LightReader

Chapter 3 - Teeth and Trouble

Chapter 3: Teeth and Trouble

The creature lunged.

Noah's survival instincts screamed something between Run! and Scream like a small child! He did both, scrambling backward until his foot caught on a root and he fell on his butt.

Lyra didn't flinch. She lifted her hand, and the glowing runes on her coat spread like living fire, crawling over her arms. The floating orb zipped to her side, projecting spinning glyphs in midair.

The monster hissed again—its voice sounded like nails dragged across a chalkboard—and then it leapt.

Lyra moved faster than Noah thought possible. She slashed the air with her fingers, and a blade of blue light erupted from nothing, slicing across the monster's glass face.

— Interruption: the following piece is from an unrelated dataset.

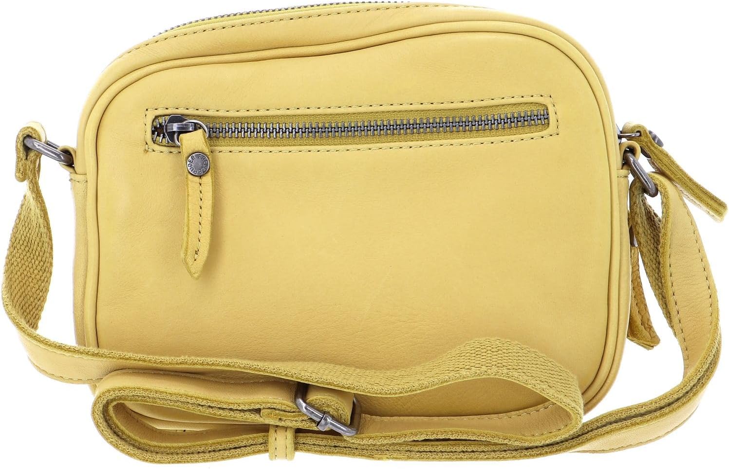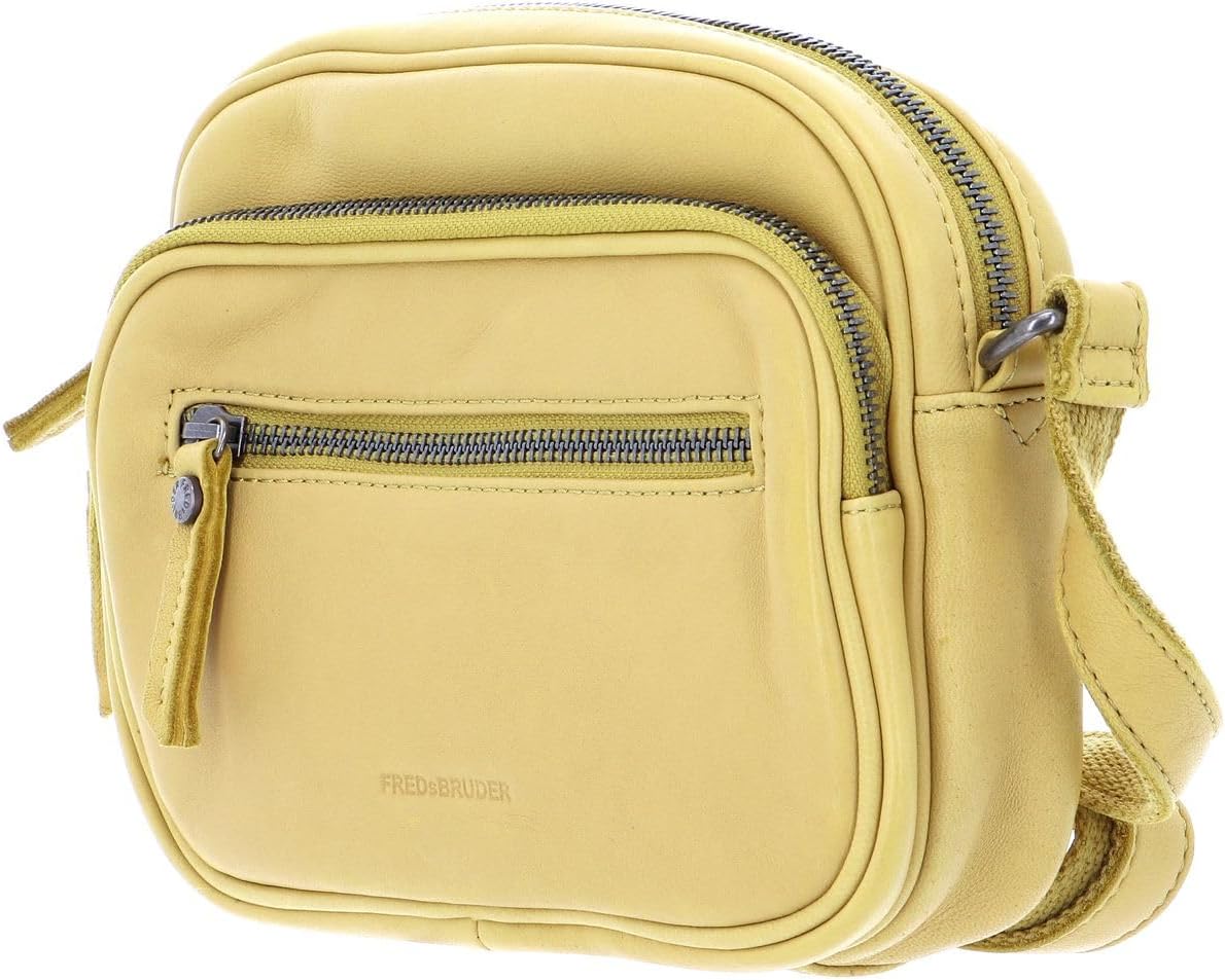 PRODUKTBESCHREIBUNGEN FREDsBRUDER Umhängetasche als kleiner Alltagshelfer Daten Umhängetasche: o Masse: Breite ca. 20 cm, Höhe ca. 16 cm, Tiefe ca. 5,5 cm o Gewicht: ca. 350 g o Farbe: Lemon (Gelb) o 1 Schulterriemen, stufenlos verstellbar: ca. 70 cm - 132 cm o Material: Aussen 100% Schafsleder, innen 100% Polyester o Lieferumfang: FREDsBRUDER Umhängetasche mit Etikett, Staubbeutel Ausstattung Umhängetasche: o Umhängetasche wird mit Zipper geschlossen o Im Hauptfach 1 Einschubfach, 1 Schlüsselfinder und 1 Zipperfach o Auf der Vorderseite 1 aufgesetztes Zipperfach o Auf der Vorderseite und Rückseite 1 Zipperfach o Mit verstärktem Boden ausgestattet o Das FREDsBRUDER Logo ist gut sichtbar eingearbeitet FREDsBRUDER Polly Lila - Die Umhängetasche mit vielen Zipeprfächern Schlicht, lässig und praktisch! Hier landen Sie einen Volltreffer! Die neue FREDsBRUDER Umhängetasche begeistert mit ihrem himmlisch weichen Schafsleder und der kompakten Grösse. Für kleinere Unternehmungen oder das Verstauen Ihrer Wertsachen eignet sich die Tasche bestens! In den verschiedenen Zipperfächern lässt sich alles organisiert verstauen. Der Schulterriemen ist in seiner Grösse verstellbar und passt so individuell. Mit der FREDsBRUDER Polly Lila machen Sie alles richtig!
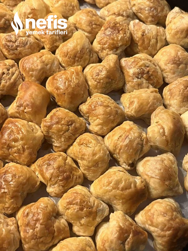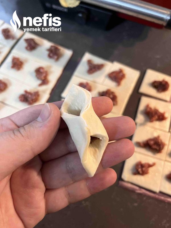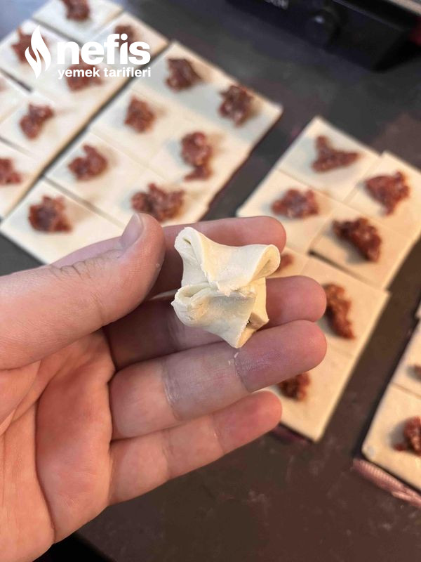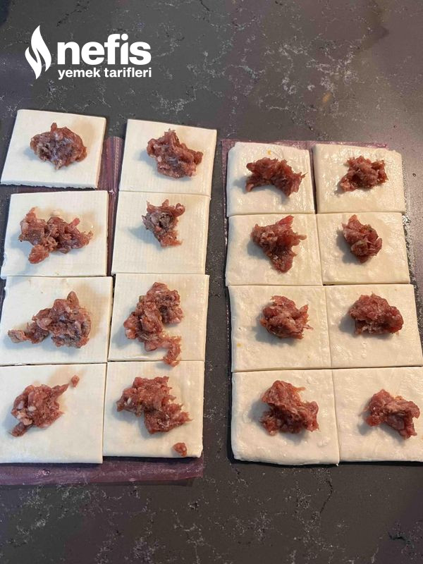 - Her bir milföy hamurunu 8 modüle ayırdıktan sonra kıyma karışımını hepsine eşit olacak halde dağıtalım.

The creature shattered, shards spraying in every direction like black ice—but instead of falling, the shards hovered, trembling.

"Stay back!" Lyra shouted.

"Wasn't planning on doing anything else!" Noah yelled from the ground.

The hovering shards twisted and fused back together, forming the creature again—but now its face looked like Noah's reflection, screaming.

Noah froze. "Okay… that's not okay. Why does it look like me?!"

"Because it feeds on you," Lyra said through gritted teeth. "Mirror phantoms copy the weakest thing they see."

"Wow, thanks for the confidence boost!" Noah said, half-panicked, half-offended.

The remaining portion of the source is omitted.